Starting point is 01:26:30 I think Apple, I'm actually surprised that Vision Pro came out. They've been doing the work for a long time, but I wouldn't have put it out, not this way. I mean, it's setting the wrong expectations, creating weird hype cycle. This is not the next iPhone. But I think Apple is patient and is going to play a 10-20 year game as well. They don't need this to become an overnight success. It's fine. Who cares what the markets say?
Starting point is 01:26:53 Like, they've got the cash for it. They can do it. And they're also doing it in a relatively cash efficient way compared to meta. So they're playing a long-term game. I think they'll stick with it. I think it's in the hands of developers. But I think the problem is there isn't really anyone saying no. In my opinion, I don't know how Apple actually runs anything.
Starting point is 01:27:10 But in my opinion, people aren't saying no enough. Like, yeah. So on that note, how do you think about focus generally at big screen, right? I'm sure people are saying, hey, build this for factories, build this for the military, Build it, you know, and I'm sure you've had to, in order to be capital efficient and create great products, you've had to say no, a bunch. Do you have ambitions outside of entertainment in the long run? Or are you, is this the next extent? The nice thing about what we do is that we're laser focused on a set of problems that happens to cater to the needs of a bunch of people.

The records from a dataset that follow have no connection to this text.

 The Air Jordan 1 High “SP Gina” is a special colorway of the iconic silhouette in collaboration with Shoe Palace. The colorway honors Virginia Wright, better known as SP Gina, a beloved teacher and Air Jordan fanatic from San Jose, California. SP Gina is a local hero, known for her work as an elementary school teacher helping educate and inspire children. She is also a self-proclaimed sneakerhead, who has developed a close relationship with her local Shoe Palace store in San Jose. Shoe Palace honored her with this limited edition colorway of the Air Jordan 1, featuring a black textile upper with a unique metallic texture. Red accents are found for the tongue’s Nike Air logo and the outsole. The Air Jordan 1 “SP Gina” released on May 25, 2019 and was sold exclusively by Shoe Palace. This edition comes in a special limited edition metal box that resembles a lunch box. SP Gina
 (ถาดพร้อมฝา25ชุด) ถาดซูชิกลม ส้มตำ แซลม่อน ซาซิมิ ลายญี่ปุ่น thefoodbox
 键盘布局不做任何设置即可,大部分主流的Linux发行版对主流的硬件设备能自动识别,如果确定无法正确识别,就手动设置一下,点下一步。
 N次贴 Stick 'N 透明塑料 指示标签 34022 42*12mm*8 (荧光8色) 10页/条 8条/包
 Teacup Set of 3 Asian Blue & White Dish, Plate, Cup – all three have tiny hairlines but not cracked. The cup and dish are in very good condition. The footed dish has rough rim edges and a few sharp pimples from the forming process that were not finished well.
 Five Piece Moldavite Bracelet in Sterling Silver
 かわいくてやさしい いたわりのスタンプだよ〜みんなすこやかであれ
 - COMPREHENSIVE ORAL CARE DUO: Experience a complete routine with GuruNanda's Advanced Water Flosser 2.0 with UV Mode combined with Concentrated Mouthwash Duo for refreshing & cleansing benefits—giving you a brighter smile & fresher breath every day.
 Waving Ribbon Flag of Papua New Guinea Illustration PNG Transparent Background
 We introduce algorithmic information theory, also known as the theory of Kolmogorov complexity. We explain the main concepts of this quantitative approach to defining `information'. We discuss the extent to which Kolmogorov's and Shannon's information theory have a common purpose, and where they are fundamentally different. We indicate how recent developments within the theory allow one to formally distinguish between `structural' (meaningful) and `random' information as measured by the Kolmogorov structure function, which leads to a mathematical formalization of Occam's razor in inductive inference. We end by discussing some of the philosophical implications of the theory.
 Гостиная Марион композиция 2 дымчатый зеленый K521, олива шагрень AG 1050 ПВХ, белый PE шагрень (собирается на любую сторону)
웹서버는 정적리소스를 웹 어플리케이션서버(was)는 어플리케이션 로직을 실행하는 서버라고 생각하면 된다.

Starting point is 01:27:48 So the enterprises that are coming to us, they're using VR for real work for many hours. day versus the cycle they all have Applevision pro and Quest and all they can afford all the devices they've tried them but you'll use it for an hour you achieve your thing and you got to go charge it for an hour that doesn't work for most use cases think of this as Apple and metter trying to build the next smartphone meanwhile we're trying to build the next workstation the next tv they actually can't Apple actually canceled their workstation focused VR thing I want to I want to ask one more question on the Apple Vision pro can you give me like your pros and cons like What did they get right?
Starting point is 01:28:25 I feel like the external battery and puck was really controversial, but some people say that's really great. What's your take on Applevision Pro? I think they established that this industry is really not going anywhere. Like, it's not going to go away. This is going to be here. Spatial computing is going to be a thing. It might take a long time, but it's going to happen.
Starting point is 01:28:45 Apple and Metta are at it. They're going to go push it. That's the best thing that they've done here is they've made the world really understand what is VR or spatial computing. and it's going to happen. What they're getting wrong is comfort and ergonomics matters a lot more. People are trying to build the next iPhone, but again, no one wants to run iPhone on their face either. There's literally a MacBook Pro inside of this thing.
Starting point is 01:29:06 I don't want to wear a MacBook Pro. Yeah, makes sense. Yeah, that makes sense. Last question. Broad applications of spatial computing in the military. Andrew was in the news with winning the IVAS program. Is the technology ready? Is it just about getting the product?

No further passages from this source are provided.